2012-11-20 14:55:09

UN urges Pakistan to spend on resilience to speed up recovery from natural disasters


November 20, 2012: A United Nations relief official on Mondayu called on Pakistan and its partners to increase investment in resilience measures that will allow the country to recover from natural disasters, such as floods and earthquakes, which have affected millions of people over the past years.
“Pakistan has faced repeated humanitarian crises in the last decade – from the earthquake of 2005 to the unprecedented flooding in 2010. Inevitably, this has brought Pakistan face to face with the challenges of climate change,” said the UN Assistant Secretary-General for Humanitarian Affairs and Deputy Emergency Relief Coordinator, Catherine Bragg, during a visit to the country.

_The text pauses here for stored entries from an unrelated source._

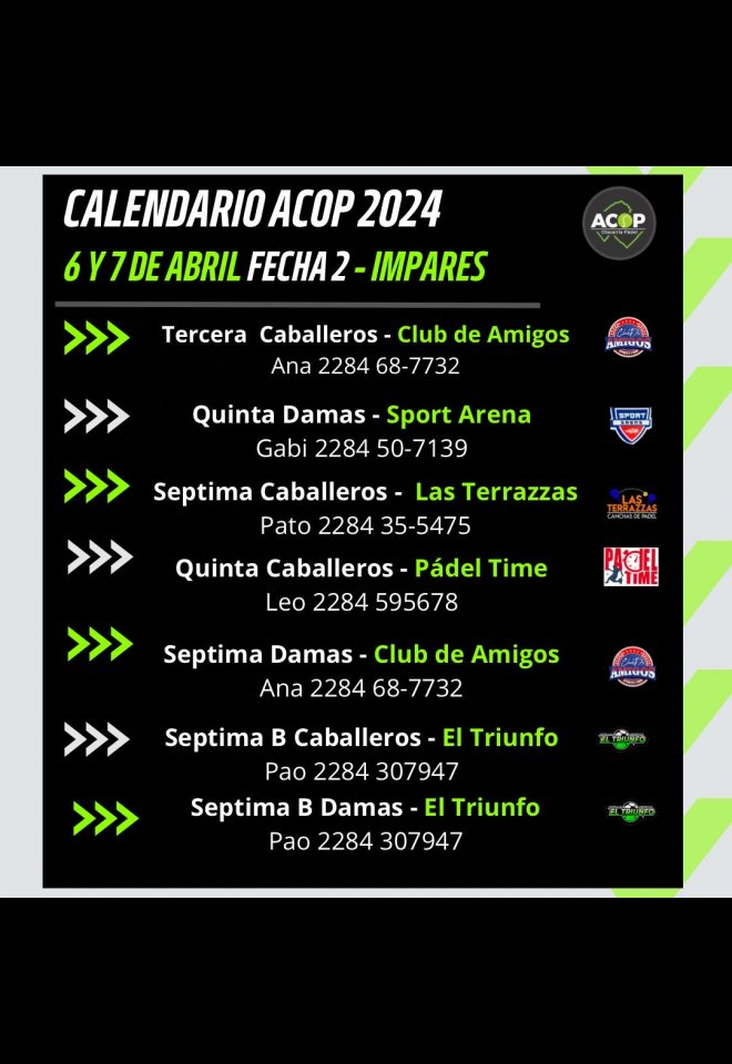 »» Evento: ACOP FECHA 3 IMPARES »» Localidad: Olavarría »» Fechas: 05/04/2024 al 07/04/2024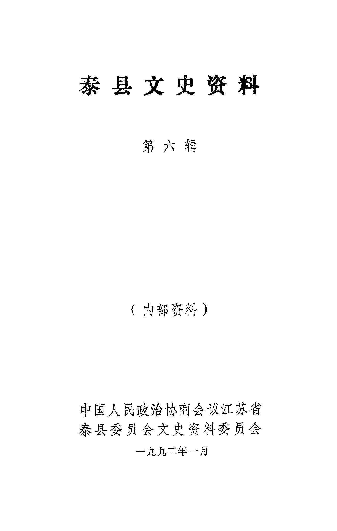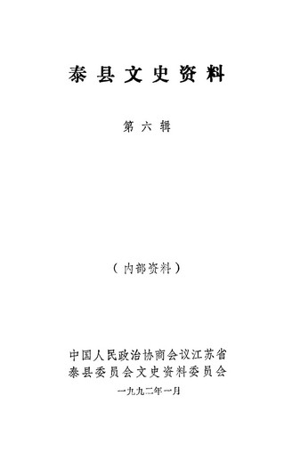 泰縣文史資料第六輯_政協江蘇省泰縣委員會文史資料委員會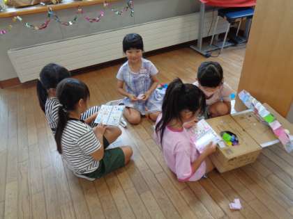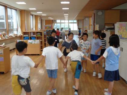 今日ののびのびタイムは雨のため外で遊べませんでしたが、「花いちもんめ」や「なわとび」、「係活動」をして、どの子も楽しく過ごしました。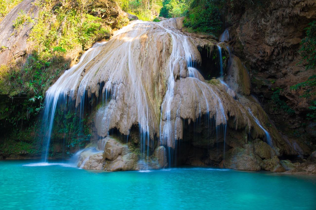 น้ำตกก้อหลวง จะมีลักษณะเป็นน้ำตกหินปูน ในช่วงฤดูหนาวสีของน้ำตกจะเป็นสีเขียวมรกต ส่วนในช่วงฤดูร้อนน้ำจะเป็นสีฟ้าคราม นักท่องเที่ยวสามารถลงเล่นน้ำได้ แต่จะต้องใส่เสื้อชูชีพของอุทยานฯ ที่มีให้บริการเช่า ราคา 20 บาท เนื่องจากจุดที่ลึกที่สุด มีความลึกถึง 8 เมตร อาจเป็นอันตรายได้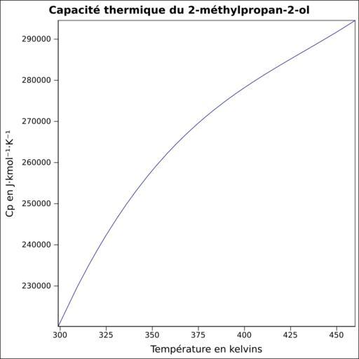 Keywords: Capacité thermique 2-méthylpropan-2-ol.svg fr Capacité thermique liquide calculée d'après <br/> Robert H Perry et Donald W Green Perry's Chemical Engineers' Handbook McGraw-Hill USA 1997 7e éd 2400 p ISBN 0-07-049841-5 p 2-170 own Epop 2010-06-28 Created with Gnumeric Heat capacity |

“In the face of these repeated challenges, we must all turn to the longer-term and sustainable solutions – to strengthening resilience,” she added.
Flooding this year in southern Pakistan has affected almost five million people, according to Pakistani Government estimates, and many are still recovering from Pakistan’s floods of 2010 and 2011.

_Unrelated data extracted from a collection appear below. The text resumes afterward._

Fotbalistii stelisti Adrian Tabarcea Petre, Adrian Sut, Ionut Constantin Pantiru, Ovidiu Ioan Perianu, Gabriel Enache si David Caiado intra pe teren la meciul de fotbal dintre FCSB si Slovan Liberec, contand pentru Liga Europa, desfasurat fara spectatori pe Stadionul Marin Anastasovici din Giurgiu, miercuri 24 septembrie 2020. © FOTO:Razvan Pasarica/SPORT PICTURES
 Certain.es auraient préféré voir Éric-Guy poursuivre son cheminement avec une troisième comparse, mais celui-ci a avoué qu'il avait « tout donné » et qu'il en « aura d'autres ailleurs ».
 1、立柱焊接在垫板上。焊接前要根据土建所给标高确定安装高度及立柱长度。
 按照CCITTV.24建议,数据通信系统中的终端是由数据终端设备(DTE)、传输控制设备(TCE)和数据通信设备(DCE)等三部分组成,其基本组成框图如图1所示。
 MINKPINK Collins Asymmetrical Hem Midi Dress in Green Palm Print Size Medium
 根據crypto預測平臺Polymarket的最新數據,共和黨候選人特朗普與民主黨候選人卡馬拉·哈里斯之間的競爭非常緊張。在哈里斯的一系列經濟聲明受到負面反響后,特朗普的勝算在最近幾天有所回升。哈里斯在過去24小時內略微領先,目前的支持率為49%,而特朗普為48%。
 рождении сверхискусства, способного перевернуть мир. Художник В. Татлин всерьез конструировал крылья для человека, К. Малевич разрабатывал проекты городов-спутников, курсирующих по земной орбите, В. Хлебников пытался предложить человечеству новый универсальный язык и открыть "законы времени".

During her visit, Ms. Bragg assessed and drew attention to the needs of communities affected by the floods in the south and displaced families in the northwest.

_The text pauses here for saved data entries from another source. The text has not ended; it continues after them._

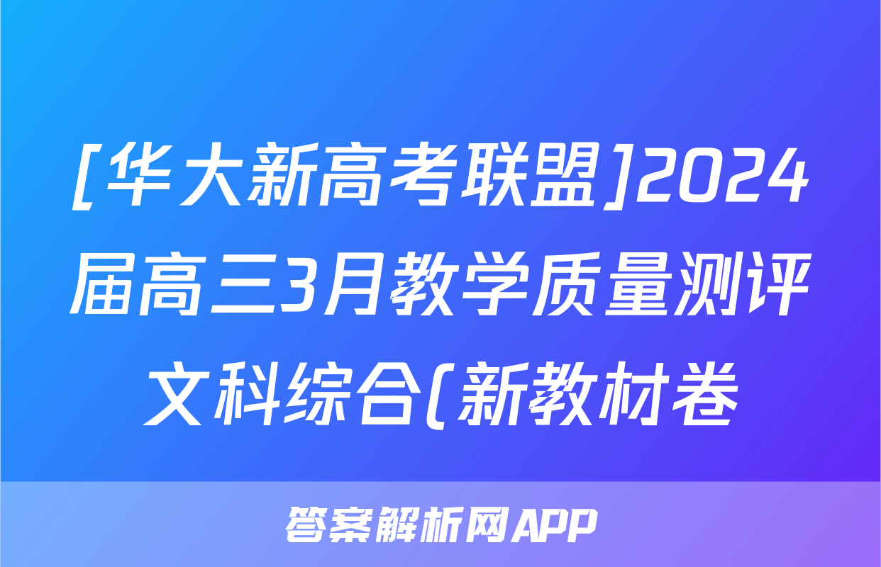 [华大新高考联盟]2024届高三3月教学质量测评文科综合(新教材卷)试题正在持续更新,目前2026届黄冈八模答案网为大家整理了相关试题及答案,供大家查缺补漏,高效提升成绩。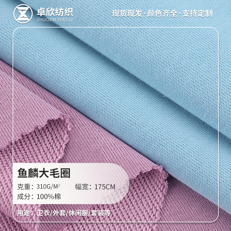 32S全綿魚鱗大毛輪衛衣生地秋冬衛衣カジュアル服セット毛輪ニット生地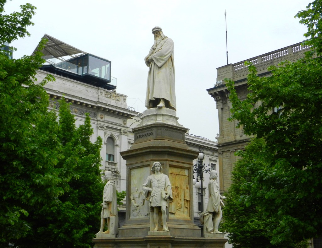 The extravagant Galleria Vittorio Emanuele II is one of the oldest shopping centres in the world (1861) and contains some of the most expensive brands in the world. Luxury, Italian retailers like Gucci, Prada, and Louis Vuitton flaunt their infamously pricey accessories, each with its own pedestal, from polished brass-framed windows. The arcade itself is extremely ornate with sculpture-adorned halls, mosaic floors, and a 47-metre high glass dome, all built in a Neo-Classical design. The Gallery’s cafes and restaurants make it a perfect meeting place, and it has been nicknamed Milan’s living room. We really enjoyed walking through this beautiful arcade, laughing at some of the ridiculous prices, but we eventually found ourselves coming out the other side into Piazza della Scala. We rested in the centre of Scala Square, under the severe gaze of Leonardo Da Vinci‘s statue, before continuing our tour.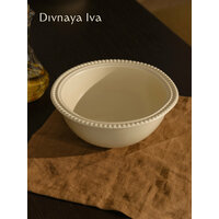 Купить Салатник, тарелка глубокая для подачи второго, твердый фарфор, диаметр 20 см, высота 8,5 см, узор горохи с доставкой по всей России.

She visited the Jalozai camp, near the northern city of Peshawar, where 11 per cent of the 744,000 people who have been displaced since 2008 reside. While noting that relief services in the camp are well organized and efficient due to cooperation on the ground among many partners, the UN humanitarian official stressed that there is still a funding shortage to meet their needs.
“$79 million is urgently required to meet immediate needs. Winter is coming, making the need even more urgent. Those needs can only be met if all levels of the Government – from local to federal authorities – are engaged,” Ms. Bragg said. “If you know Pakistan, you know this is the third year that millions of people have been affected by flooding, uprooting families and destroying their livelihoods.”
According to the UN Office for the Coordination of Humanitarian Affairs (), funding constraints threaten the provision of critical services to flood-affected people in the provinces of Balochistan, Punjab and Sindh, as well as displaced and returnee families in Khyber Pakhtunkhwa and the Federally Administered Tribal Areas, located in the country’s north-west.
Humanitarian partners urgently require $196 million to continue providing essential relief services over the coming months, OCHA added. These services include preventative and emergency healthcare, water and sanitation, shelter, education, protection, household relief items, food security and nutrition services
“All partners – the Government of Pakistan, the UN and its partners, international development banks, civil society and philanthropists alike – must come together to tackle this enormous challenge,” Ms. Bragg added.